Background
The current high rate of foreclosure is both a chief policy concern and a key priority at the Federal Reserve Bank of Cleveland. Recent years have seen record numbers of foreclosures, with Fourth District states among those experiencing the highest foreclosure rates in the nation. Data show that foreclosure is a localized problem, concentrated both regionally and in certain neighborhoods. For example, subprime lending has occurred at a higher rate in low- and moderate-income communities, a fact that merits attention because subprime mortgages are more likely to end in foreclosure. In addition, vacant and abandoned properties can be a costly spillover effect from foreclosure, exacerbating a problem that many Fourth District communities experienced well before the most recent escalation of foreclosures.
The costs of foreclosures to homeowners and to communities are significant and potentially devastating, threatening local and regional economic growth and recovery. For borrowers, foreclosures can result in a loss of home equity, impaired credit, and more limited access to stable housing and employment. For communities, foreclosed and vacant properties can reduce the value of nearby homes, draining a community's investments in neighborhood revitalization and eroding local governments’ tax bases. Particularly in areas with declining populations and weakening economies, vacant and abandoned properties must be restored to productive use in order to stabilize neighborhoods and to re-establish housing markets.

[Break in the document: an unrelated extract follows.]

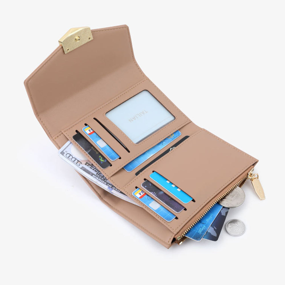 - TAILIAN T6223-034 Short Wallet Soft Leather Trifold Purse with Zipper Coin Pocket - Red TAILIAN T6223-034 Short Wallet Soft Leather Trifold Purse with Zipper Coin Pocket - Red

The Cleveland Fed joins the Federal Reserve System in addressing the mortgage and foreclosure crisis through a variety of measures, including revisions to the Home Ownership and Equity Protection Act regulations; ongoing data analysis and research; and regional information-sharing forums. This online resource center offers resources for consumers, community development practitioners, and others interested in causes, repercussions, and tools for mitigating the effects of foreclosures in our area.